### DATASET EXCERPT
####

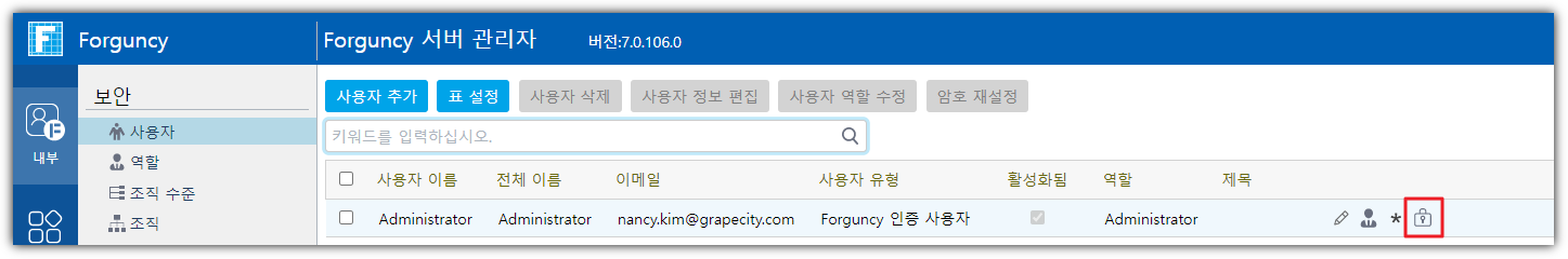사용자 목록에서 사용자의 행 오른쪽을 클릭합니다.![]()
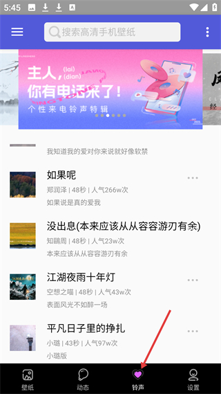 3、鈴聲界面,展示如果呢、沒出息等多款熱門鈴聲,標注演唱者、時長和人氣,方便用戶選個性化來電鈴聲。
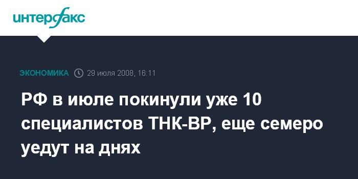 РФ в июле покинули уже 10 специалистов ТНК-ВР, еще семеро уедут на днях
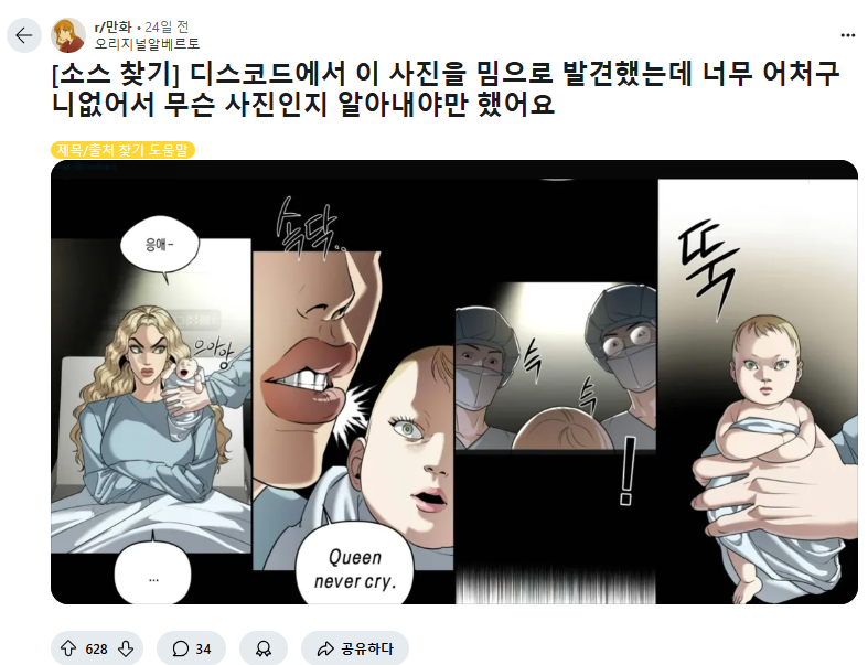 ‘퀸 네버 크라이(Queen Never Cry)’는 네이버 웹툰 ‘기자매’에서 탄생한 글로벌 밈이에요. 출산 직후, 아기 로라가 울자 어머니 세리나가 단호하게 “Queen never cry”라고 말하는 장면이죠. 아이의 다부진 표정.. 쉽지 않죠?😂 금손 작가님의 노력으로 태어난 강렬하고 유머 넘치는 이 장면이 독자들 사이에서 큰 인기를 끌며 해외 커뮤니티로도 빠르게 퍼졌어요.

####

### ASSIGNMENT
Print each line from the one containing "3、鈴聲界面,展示如果呢、沒" through the last line of the listing, both included, exactly and with no pictures.

### TASK OUTPUT
 3、鈴聲界面,展示如果呢、沒出息等多款熱門鈴聲,標注演唱者、時長和人氣,方便用戶選個性化來電鈴聲。
 РФ в июле покинули уже 10 специалистов ТНК-ВР, еще семеро уедут на днях
 ‘퀸 네버 크라이(Queen Never Cry)’는 네이버 웹툰 ‘기자매’에서 탄생한 글로벌 밈이에요. 출산 직후, 아기 로라가 울자 어머니 세리나가 단호하게 “Queen never cry”라고 말하는 장면이죠. 아이의 다부진 표정.. 쉽지 않죠?😂 금손 작가님의 노력으로 태어난 강렬하고 유머 넘치는 이 장면이 독자들 사이에서 큰 인기를 끌며 해외 커뮤니티로도 빠르게 퍼졌어요.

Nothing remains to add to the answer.